* **ASSIGNMENT**: Pictures are to be left out, and only the lines from the one containing "Details • Necklace" through the last line of the data are to be returned exactly.

* **PROVIDED MATERIAL**:
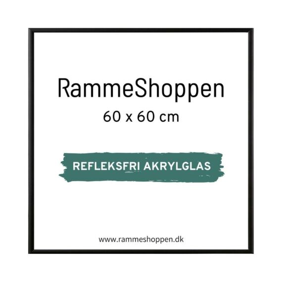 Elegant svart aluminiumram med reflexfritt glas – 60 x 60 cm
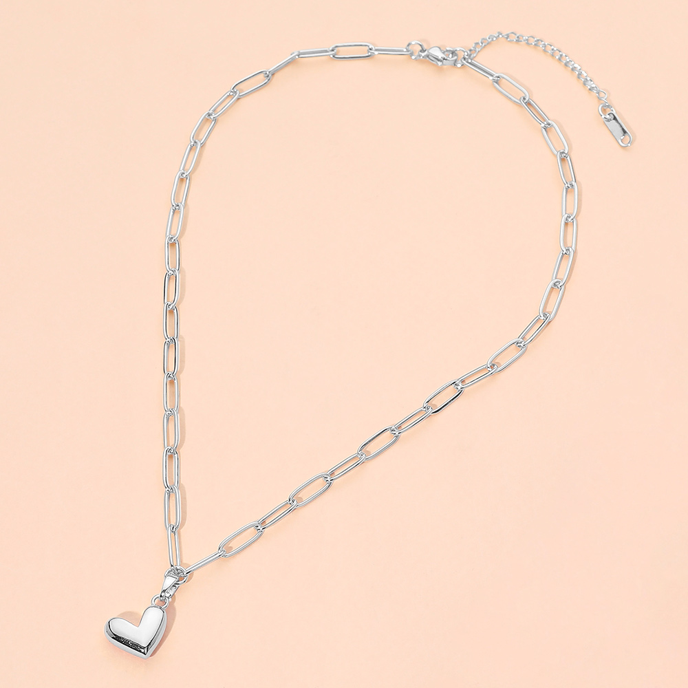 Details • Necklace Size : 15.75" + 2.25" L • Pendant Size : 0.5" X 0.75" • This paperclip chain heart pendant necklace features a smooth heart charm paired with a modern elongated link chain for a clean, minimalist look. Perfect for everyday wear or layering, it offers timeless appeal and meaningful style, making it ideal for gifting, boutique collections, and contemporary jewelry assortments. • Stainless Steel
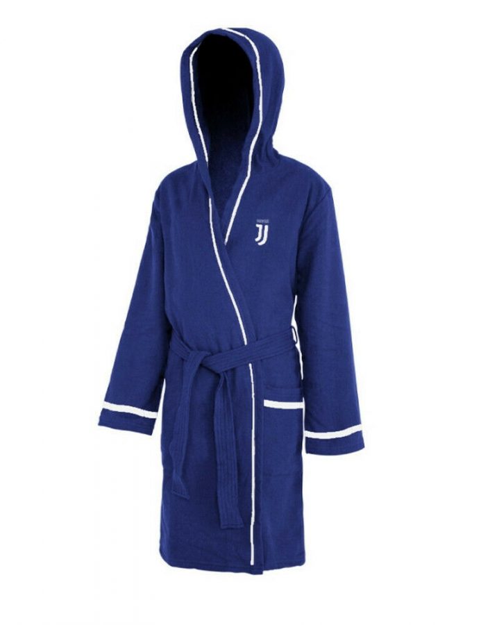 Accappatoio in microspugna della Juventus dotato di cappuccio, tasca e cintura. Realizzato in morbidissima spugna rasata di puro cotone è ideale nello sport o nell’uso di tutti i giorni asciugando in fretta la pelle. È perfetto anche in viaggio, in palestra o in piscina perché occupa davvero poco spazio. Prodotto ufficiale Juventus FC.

* **SOLUTION FOR THIS PROBLEM**:
 Details • Necklace Size : 15.75" + 2.25" L • Pendant Size : 0.5" X 0.75" • This paperclip chain heart pendant necklace features a smooth heart charm paired with a modern elongated link chain for a clean, minimalist look. Perfect for everyday wear or layering, it offers timeless appeal and meaningful style, making it ideal for gifting, boutique collections, and contemporary jewelry assortments. • Stainless Steel
 Accappatoio in microspugna della Juventus dotato di cappuccio, tasca e cintura. Realizzato in morbidissima spugna rasata di puro cotone è ideale nello sport o nell’uso di tutti i giorni asciugando in fretta la pelle. È perfetto anche in viaggio, in palestra o in piscina perché occupa davvero poco spazio. Prodotto ufficiale Juventus FC.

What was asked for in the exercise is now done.